Councilman D. Michael Collins, also a mayoral candidate, said the exodus from Toledo is related to “lack of public confidence” in safety.
“We are a city today that has fewer police officers than when Mayor Bell took office,” Mr. Collins said. “We have the fewest per capita police officers of any city in the state of Ohio. Public safety cannot be ignored in terms of determining where Toledo is going.”
Lucas County Auditor Anita Lopez said she would also focus on jobs and neighborhoods.
“If we don’t get a mayor who addresses these issues, our population will continue to decrease,” Ms. Lopez said. “I am the candidate and will be the mayor who generates an environment for jobs and economic development with results. I am the candidate who will create safe and strong neighborhoods.”

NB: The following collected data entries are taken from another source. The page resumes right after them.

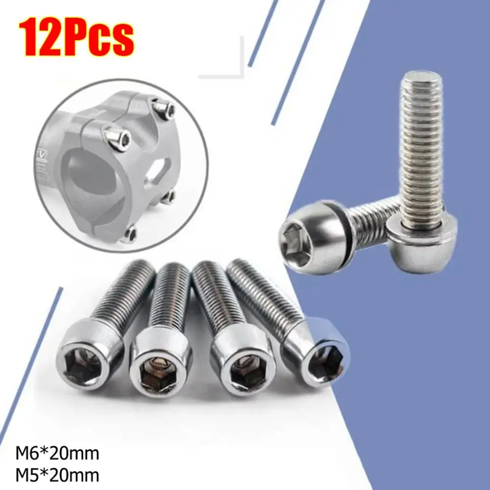 12 szt. Śruby do kierownicy rowerowej M5/M6*20mm, śruby do mostka rowerowego ze stali nierdzewnej, uniwersalne śruby do mostka rowerowego, akcesoria naprawcze
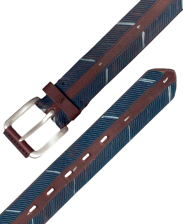 Cinturón al corte en cuero abatanado en 40mm grabado a fuego en ambos laterales, dejando el centro libre y remarcado con 2 filos a los extremos. Pintura acrílica aplicada a mano. Hebilla robusta en 40mm bañada en Plata Inglesa con aplique en piel.
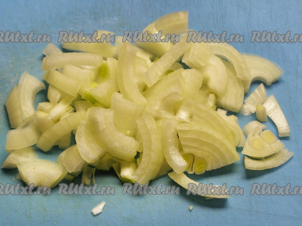 Для приготовления сметанного соуса луковицу очищаем и нарезаем на полукольца.
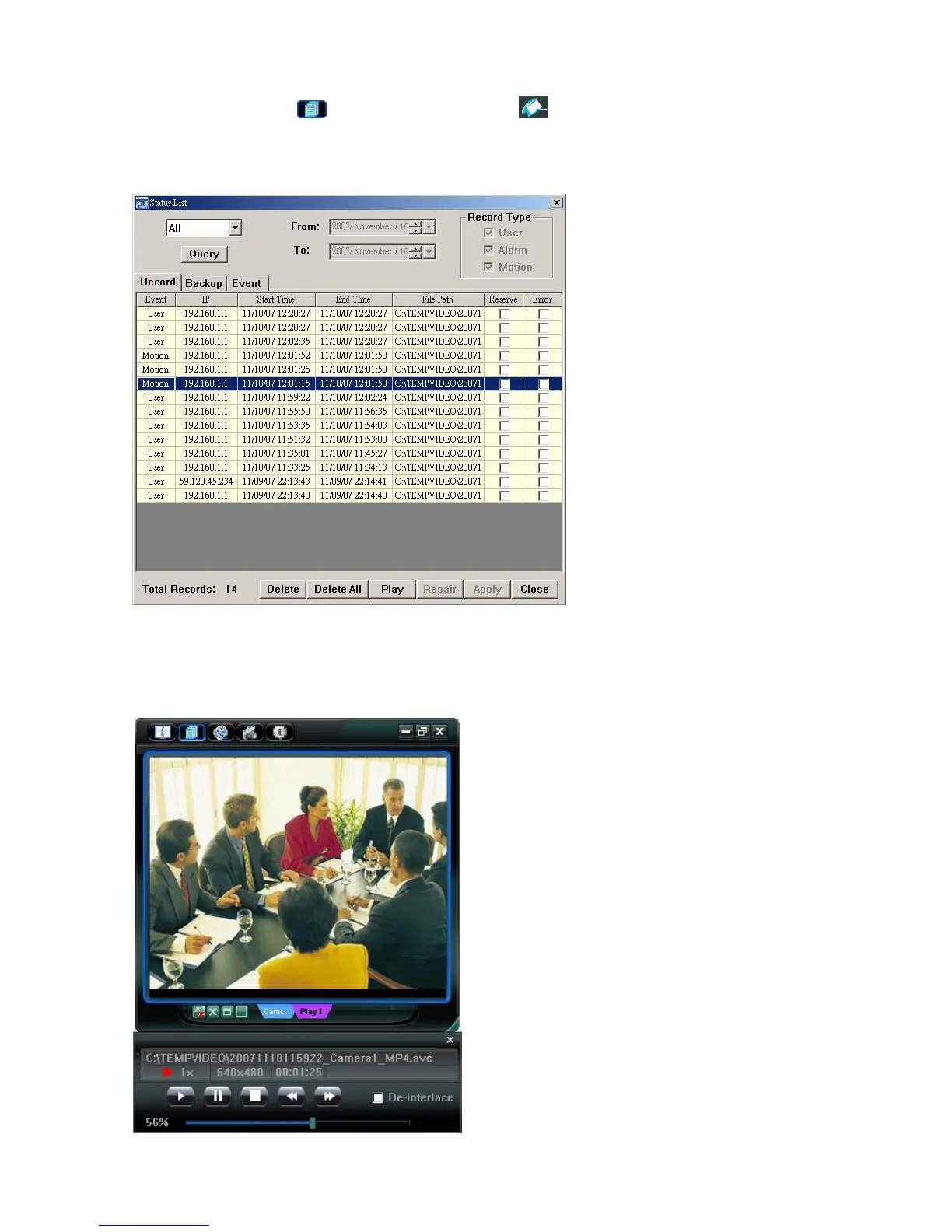 To play a recording, click “ ” (Miscellaneous Control) → “ ” (Status List), and select the “Record” tab. A list of

Mr. Bell said that crime is down 24 percent year to date and that Toledo’s unemployment rate was 13.8 percent in January, 2010, when he took office versus 8.4 percent in April.
Elsewhere in the nation, eight out of the 15 fastest-growing large U.S. cities were in Texas, according to the Census data. San Marcos, Texas, between Austin and San Antonio, had the highest rate of growth among all U.S. cities and towns with at least 50,000 people. Its population increased 4.9 percent between 2011 and 2012. New York, the nation’s largest city with 8.3 million residents in 2012, topped the top-15 list and was the only city among the top 15 outside the South or West. It added 67,058 people over the year.
Staff writer Ignazio Messina contributed to this report.